Java parallel thread only uses one thread?

I am processing data using latest Java 8 lambdas with parallel threads. My code looks like this:

ForkJoinPool forkJoinPool = new ForkJoinPool(10);
List<String> files = Arrays.asList(new String[]{"1.txt"}); 
List<String> result = forkJoinPool.submit(() ->
    files.stream().parallel()
        .flatMap(x -> stage1(x)) //at this stage we add more elements to the stream
        .map(x -> stage2(x))
        .map(x -> stage3(x))
        .collect(Collectors.toList())
).get();

      

The flow starts with one item, but the second step adds more items. My guess is that this thread should run in parallel, but in this case only one worker thread is used.

If I start with 2 elements (i.e. add the second element to the original list), then 2 streams are created for the stream stream, etc. This also happens if I do not explicitly pipe the stream to ForkJoinPool.
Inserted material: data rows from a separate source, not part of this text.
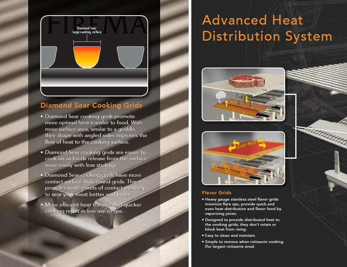 - Diamond Sear Cooking Grids Heavy Duty 304 stainless steel Diamond Sear cooking grids create more contact points and offer optimal cooking surface for even heat distribution and searing performance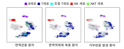 그 결과 면역관용 환자는 면역억제제를 복용하는 환자 혹은 거부반응 발생 환자와 면역 세포 분포와 유전자 발현 양상에 큰 차이가 있음을 확인했다.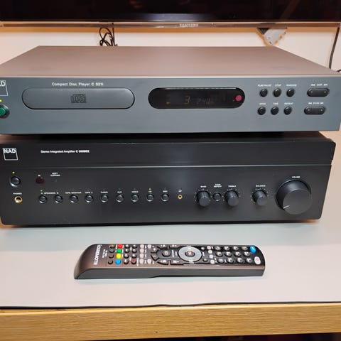 Meget velspillende lille kvalitets forstærker m cd indbygget og m virksom fjernbetjening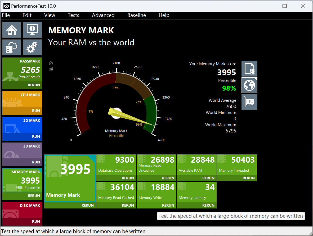 另外,为了测试这款内存条的稳定性,以及在高速运行下温度控制方面的性能,我在使用3800MHz的超频频率下,还通过FurMark烤机工具和PerformanceTest对电脑的运行稳定性进行了测试。最终结果这款内存条不仅能顺利通过高温测试,它在PerformanceTest测试下获得的3995分也是让我非常满意。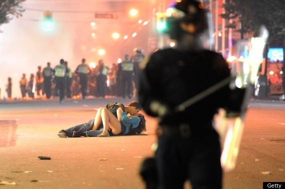 Surreal intimacy becomes an iconic photograph when a beaten down couple kiss under glowering lights in the center of the Vancouver riots. by Rich Lam / Getty ImagesImage Source June 25, 2011 -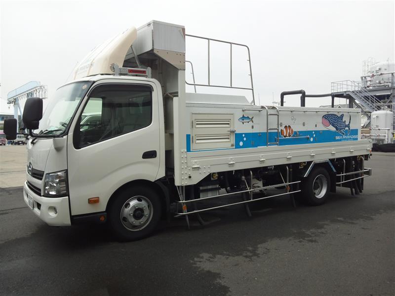 スタッフが活魚車に乗って海へと向かう!!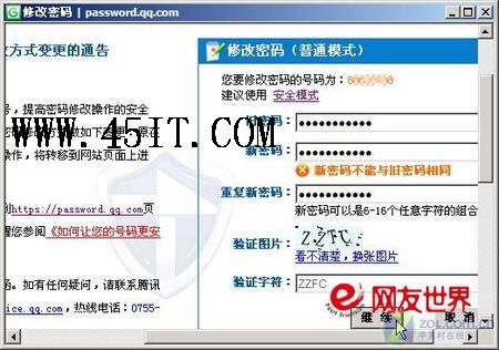 在浏览器里打开页面https://password.qq.com/,先以原密码登录QQ帐号,可点击“安全模式”链接,以安全模式进行登录。登录后,按页面要求输入旧密码、新密码,然后填写验证字符,最后点击“继续”按钮(如图2)。一会儿后,页面提示“您的密码已经修改成功”。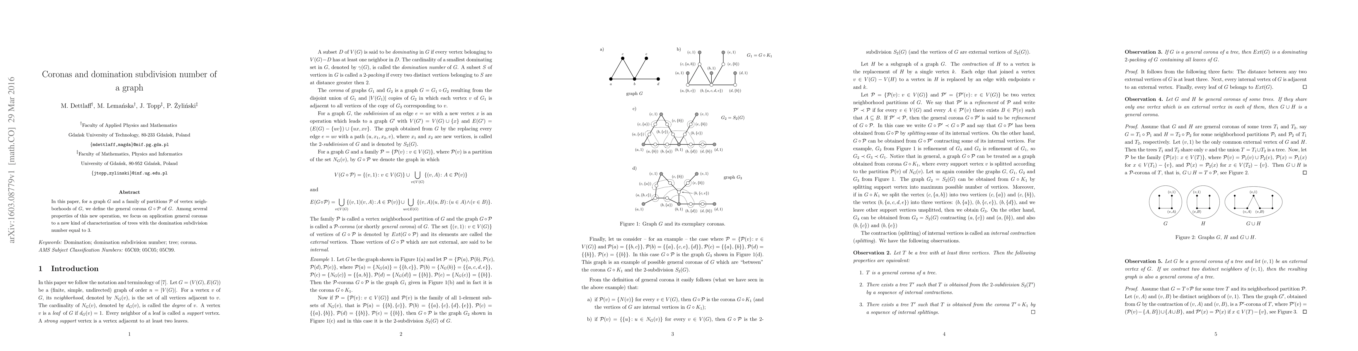 In this paper, for a graph G and a family of partitions P of vertex neighborhoods of G, we define the general corona G \circ P of G. Among several properties of this new operation, we focus on application general coronas to a new kind of characterization of trees with the domination subdivision number equal to 3.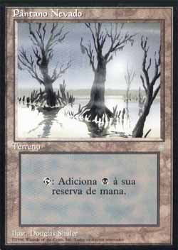 : Adiciona a sua reserva de mana. Errata: Pântanos Nevados (Era Glacial) e Pântanos da Neve (Frente Fria) contam como um mesmo tipo de terreno básico. | | Série: |  | | Outras: | | | Raridade: | Terreno Básico | | Card: | 366 |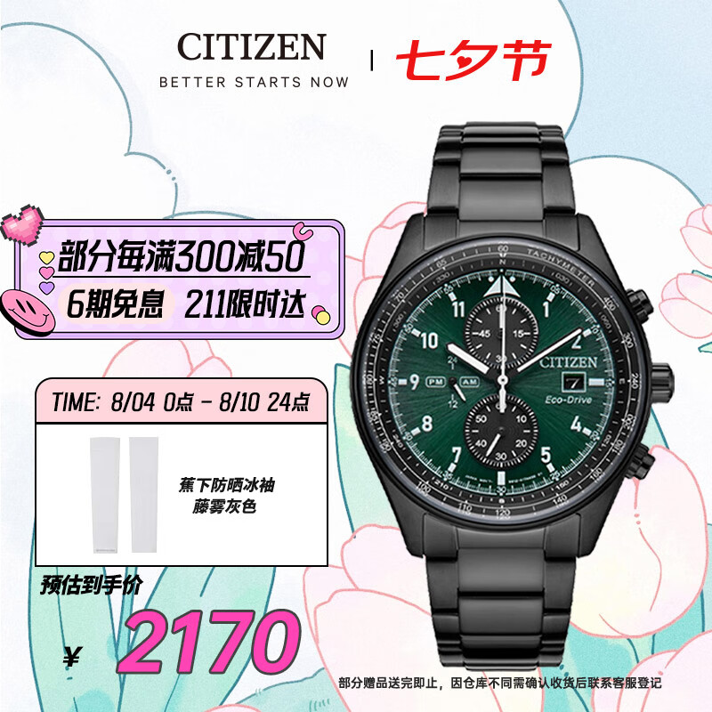 西铁城(CITIZEN)手表男日韩表FF系列光动能绿盘钢带商务七夕节送礼物CA0775-87X价格:2170.00元!

Question: Is this a documented behavior or could it change in implementation? Is there a way to control this behavior and allow more threads regardless of the original list?

+3


source to share


2 answers


What you observe is implementation specific behavior, not specified behavior.

The current implementation of JDK 8 looks at an external thread Spliterator

and uses this as a framework for sharing a parallel workload. Since the example has only one element in the original source stream, it cannot be split and the stream is single-threaded. This works well for the general (but by no means limited) case where it flatMap

returns zero, one, or only a few items, but in the case where it returns many items, they are all processed sequentially. In fact, the stream returned by the function flatMap

is forced into sequential mode. See line 270 ReferencePipeline.java .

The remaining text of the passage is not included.